[Source data]
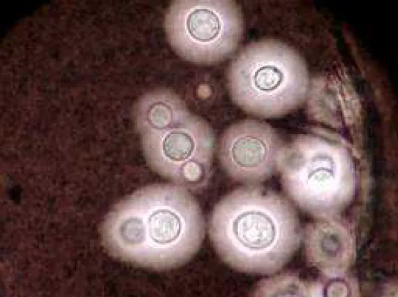 【109-1 醫學(三) 第61題】39歲男性過去身體健康良好,因一週來發燒和持續性的頭痛到院就醫。身體診察檢查發現體溫39.0℃,口腔上顎有白斑,頸部並沒有僵硬。血液檢查發現白血球數7020/μL。電腦斷層僅顯示腦部水腫。脊椎穿刺(lumbar puncture)發現壓力>600 mmH2O,生化檢查發現蛋白質94 mg/dL,顯微鏡檢如圖示。下列敘述何者最不適當?
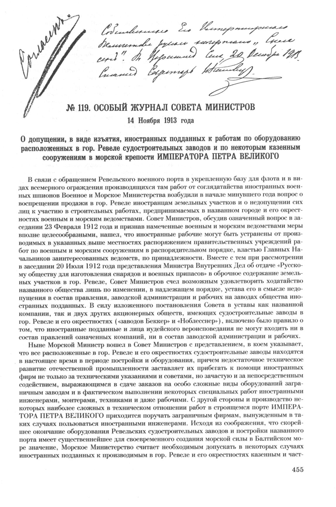Особый журнал совета министров. 14 Ноября 1913 года. О допущении, в виде изъятия, иностранных подданных к работам по оборудованию расположенных в гор. Ревеле судостроительных заводов и по некоторым казенным сооружениям в морской крепости Императора Петра Великого
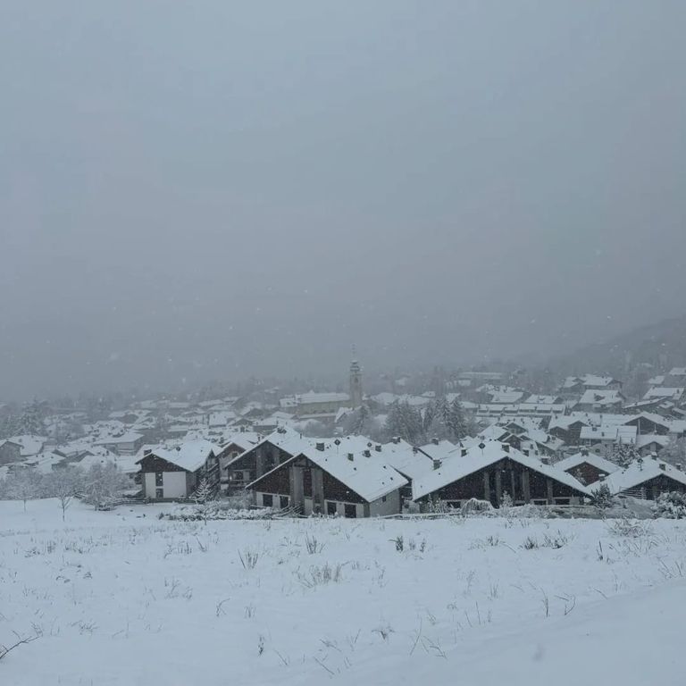 Case e strade innevate in Val Susa e Val Chisone. Previsti 40 cm di neve per domenica a Sestriere
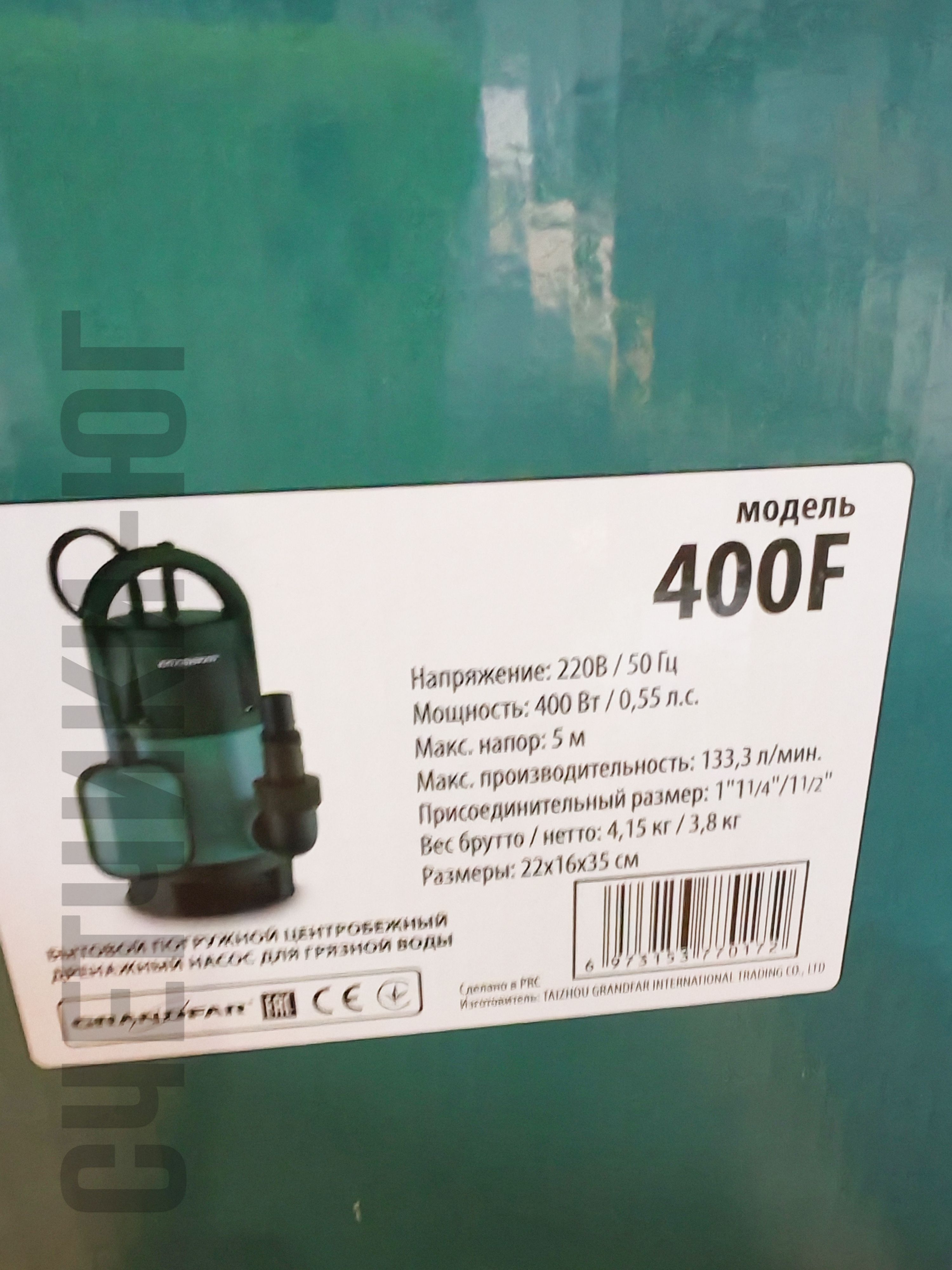 - Перед заказом сверьте мощность 400 Вт, напор 5 м, производительность 133 л/мин.
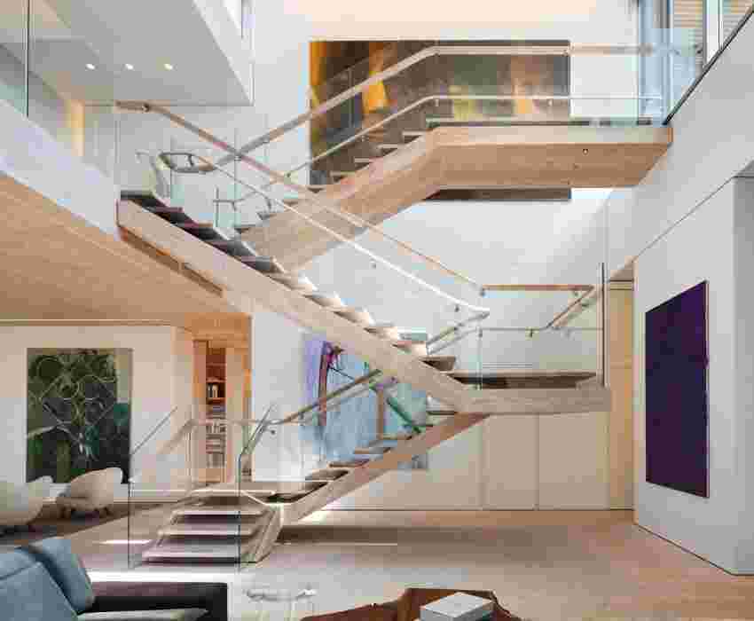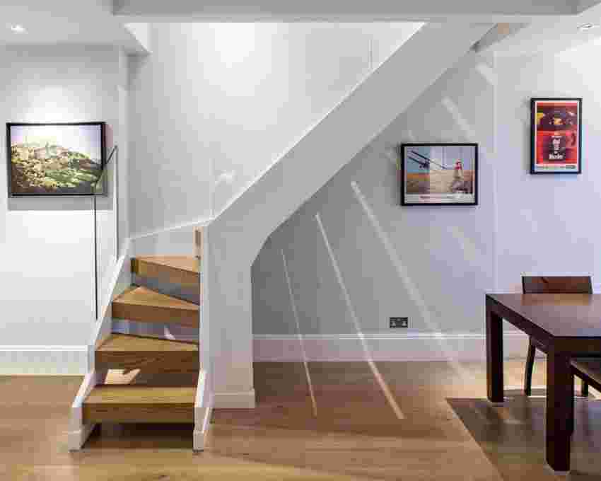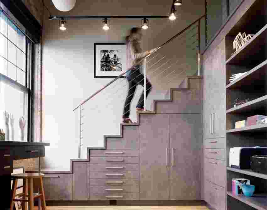 Обустройство лестницы в нише.На заметку! Не следует пренебрегать инженерными требованиями к конструкции лестницы в угоду декоративным элементам. Это может послужить причиной многих неприятностей.
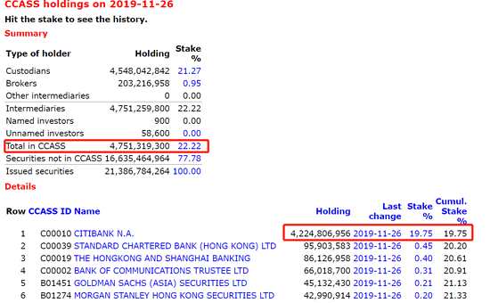 阿里巴巴若納入恒指,流通股將會是多少呢?新浪港股統(tǒng)計,根據(jù)第二上市規(guī)則,阿里流通股只按香港股本計算,根據(jù)CCASS數(shù)據(jù),香港中央結(jié)算系統(tǒng)持有47.513億股,減去花旗持有的42.248億股,阿里港股股本(流通股)持倉為14.634億股,目前市值為1276億港元。
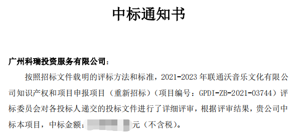 4月1日,百乐博bIbo集团下属全资企业广州科瑞投资服务有限公司再次中标成为央企联通沃音乐文化有限公司2021至2023年度科技项目申报和资质认定服务供应商,这是继科瑞公司3年前首次中标联通沃音乐2018至2020年度科技项目申报和资质认定服务供应商后的第二次中标。
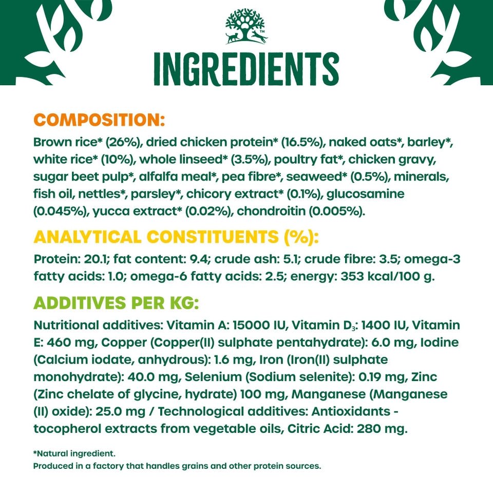 Brown rice* (26%), dried chicken protein* (16.5%), naked oats*, barley*, white rice* (10%), whole linseed* (3.5%), poultry fat*, chicken gravy, sugar beet pulp*, alfalfa meal*, pea fibre*, seaweed* (0.5%), minerals, fish oil, nettles*, parsley*, chicory extract* (0.1%), glucosamine (0.045%), yucca extract* (0.02%), chondroitin (0.005%). *Natural ingredient.
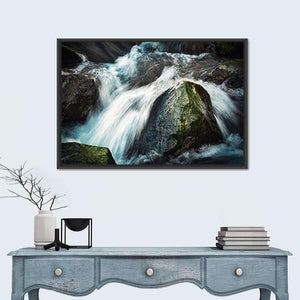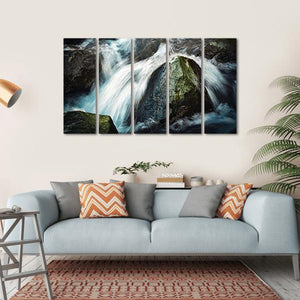 This canvas features a serene waterfall cascading over dark, textured rocks, embodying the powerful flow of nature. The close-up perspective captures the dynamic movement of water, blending shades of blue, green, and gray for a tranquil atmosphere.
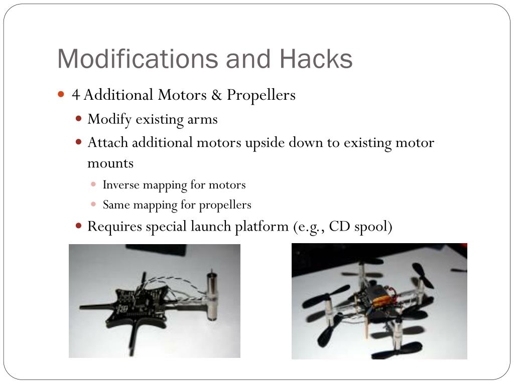 Modifications and Hacks • 4 Additional Motors & Propellers • Modify existing arms • Attach additional motors upside down to existing motor mounts • Inverse mapping for motors • Same mapping for propellers • Requires special launch platform (e.g., CD spool)
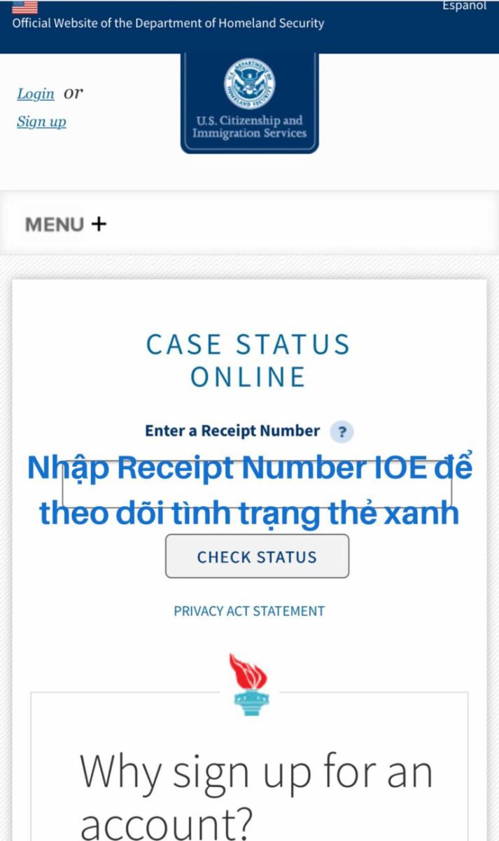 Nhập Receipt Number (IOE...) để kiểm tra tình trạng thẻ xanh
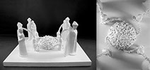 To observe the richness and diversity of the many cultures that have entered the United States, I transcribed this portion of “The New Colossus” onto porcelain clay in twenty-five languages provided by friends and acquaintances, sixteen of which you see displayed here. These unique slip-cast porcelain pieces represent seven decades of immigration between the years 1950-2013. Each of the 7.5 x 11" crumpled fragile porcelain letters references the tenuous time we live in. Individual porcelain pieces are accompanied by a QR code link to a voice translation of each language.

◆ **EXERCISE BRIEF**
Leave out the pictures and repeat exactly the lines from the first line of the data through the line containing "Case e strade". Add nothing else.

◆ **RESULT**
 【109-1 醫學(三) 第61題】39歲男性過去身體健康良好,因一週來發燒和持續性的頭痛到院就醫。身體診察檢查發現體溫39.0℃,口腔上顎有白斑,頸部並沒有僵硬。血液檢查發現白血球數7020/μL。電腦斷層僅顯示腦部水腫。脊椎穿刺(lumbar puncture)發現壓力>600 mmH2O,生化檢查發現蛋白質94 mg/dL,顯微鏡檢如圖示。下列敘述何者最不適當?
Особый журнал совета министров. 14 Ноября 1913 года. О допущении, в виде изъятия, иностранных подданных к работам по оборудованию расположенных в гор. Ревеле судостроительных заводов и по некоторым казенным сооружениям в морской крепости Императора Петра Великого
 Case e strade innevate in Val Susa e Val Chisone. Previsti 40 cm di neve per domenica a Sestriere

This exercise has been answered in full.